In more complex appraisal assignments (e.g. -- contract disputes, litigation, brownfield or contaminated property valuation), the
determination of highest and best use may be much more complex, and may need to take into account the various intermediate or temporary uses of
the site, the contamination remediation process, and the timing of various legal issues.[2]
Appraisal Standards
In the USA, minimum appraisal standards and appraiser qualifications are the province of The Appraisal Foundation (TAF). This organization is an independent body but
its activities are overseen by the Appraisal Subcommittee (TAS). TAS represents the various Federal agencies and government chartered
organizations which have oversight of the mortgage market. TAS and its oversight of TAF was authorized by congress under Title XI of the 1991
Financial Institutions Reform Recovery and Enforcement Act (FIRREA), which came out of the Savings and Loan crisis. TAF is governed by a Board of Directors which
represents the various appraisal professional organizations in the U.S. and Canada, the appraisal educators, and the major industry groups. It
carries out its responsibilities through two boards, the Appraisal Standards Board (ASB) and the Appraisal Qualifications Board (AQB). The ASB
promulgates the Uniform Standard of
Professional Appraisal Practice (USPAP) which outlines the minimum development and reporting standards an appraiser/appraisal report must
meet. The AQB is responsible for establishing the minimum education, examination, and experience requirements for licensed/certified
appraisers. Effective January 1, 2008, the requirements to become a state licensed or certified real property appraiser will significantly
increase.[3] State licensing was established in the early 1990s as a result
of FIRREA.
The implementation of licensure and enforcement are state functions. In addition, there are appraisal organizations, private not-for-profits,
some of which date back to the Great Depression of the 1930s, such as the American Society of Farm Managers and Rural Appraisers, founded in
1929.[citation needed] Others were founded as needed and opportunity arose in specialized
fields, such as the Appraisal Institute and the American Society of Appraisers (founded in the 1930s) and the International Right of Way
Association and the National Association of Realtors (after World War II). These organizations all existed to establish and enforce
standards, but their influence has waned as the government increases appraisal regulation.
In the UK, real estate appraisal is known as property valuation and a real estate appraiser is a land valuer or property
valuer (usually a chartered surveyor who specialises in property valuation). Property valuation in the UK is regulated by the Royal Institution of Chartered Surveyors (RICS), a
professional body encompassing all of the building and property-related professions.
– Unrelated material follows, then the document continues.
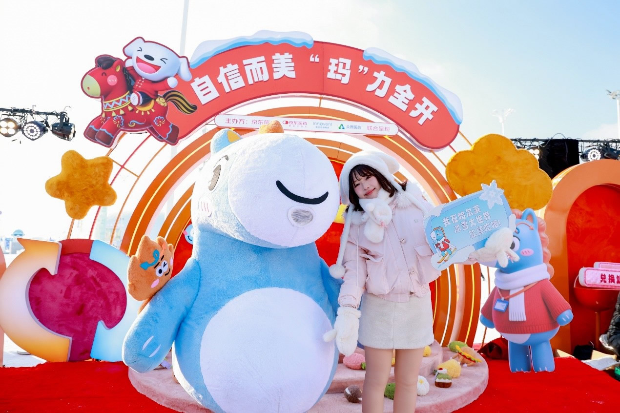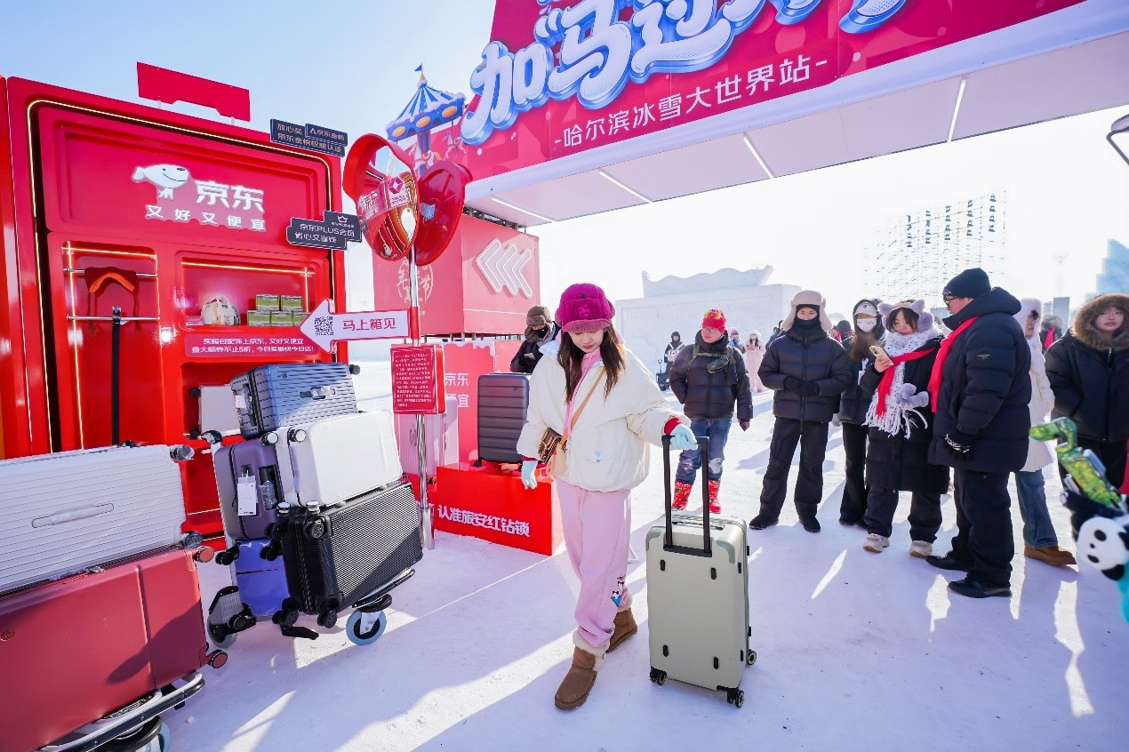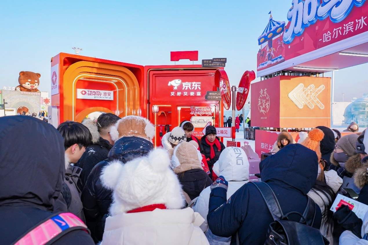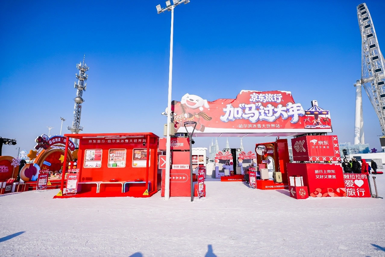 京東旅行在此次年貨節(jié)中深度融合兩大頂流文旅場(chǎng)景,實(shí)現(xiàn)線下事件與品牌傳播的雙重引爆。在哈爾濱冰雪大世界,京東旅行攜手京東箱包、京東健康、超級(jí)品牌聯(lián)盟、旅安、歐舒丹等品類品牌,依托其冬季頂流景區(qū)的話題熱度,通過多維互動(dòng)營(yíng)銷方式打造沉浸式跨界體驗(yàn):不僅設(shè)置“冰雪年貨快閃活動(dòng)”開展品牌展示與互動(dòng)游戲,更通過地標(biāo)冰雪摩天輪、無人機(jī)表演、冰雪大舞臺(tái)廣告/立體字/主持人口播、區(qū)域植入品牌立體廣告等豐富營(yíng)銷形式,共同實(shí)現(xiàn)品牌與景區(qū)流量的深度共振。

The RICS professional guidelines for valuers are
published in the RICS Appraisal and Valuation Standards, commonly known as the Red Book. While based in the U.K., RICS is a
global organization and has become very active in the U.S. in recent years through its affiliation with the Counselors of Real Estate, a
division of the National Association of Realtors.
The reader should be aware that differences in nomenclature exist between the different countries. Although the overall concepts are very
similar, the reader should be careful to ascertain that the proper nomenclature is being used for their particular area.
Types of value
There are several types and definitions of value sought by a real estate appraisal. Some of the most common are listed:
- Market Value – The price at which an asset would trade in a competitive Walrasian auction setting. Market value is usually interchangeable
with open market value or fair value. However, the word "fair" is no longer in use when describing Market Value.
International Valuation
Standards (IVS) define Market Value as:
- Market Value is the estimated amount for which a property should exchange on the date of valuation between a willing buyer and a
willing seller in an arms-length transaction after proper marketing wherein the parties had each acted knowledgably, prudently, and without
compulsion. (IVS 1 - Market Value Basis of Valuation, Seventh Edition)
- Value-in-use – The net present value (NPV) of a cash flow that an asset generates for a specific owner under a specific use.
Value-in-use is the value to one particular user, which may be above or below the market value of a property.
- Investment value - is the value to one particular investor, which may be above or below the market value of a property.
- Insurable value - is the value of real property covered by an insurance policy. Generally it does not include the site value.
It is important to distinguish between Market Value and price. Market value is a fluid concept, ever changing, while price is a
historical fact at the time of a transaction. A price obtained for a specific property under a specific transaction may or may not represent that
property's market value: special considerations may have been present, such as a family relationship between the buyer and seller, or else the
transaction may have been part of a larger set of transactions in which the parties had engaged. Another possibility is that a specific buyer
would be willing to pay a price higher than the market value. Such situations often arise in corporate finance, as per example when a merger or
acquisition is concluded at a price which is higher than the value represented by the price of the underlying stock. The usual rationale for
these valuations is that the 'sum is greater than its parts', since full ownership of a company entails special privileges for the buyer for
which he is willing to pay. Such situations arise in real estate/property markets as well (see value-in-use). It is the task of the real
estate appraiser/property valuer to judge whether a certain price obtained under a certain transaction is indicative of market value.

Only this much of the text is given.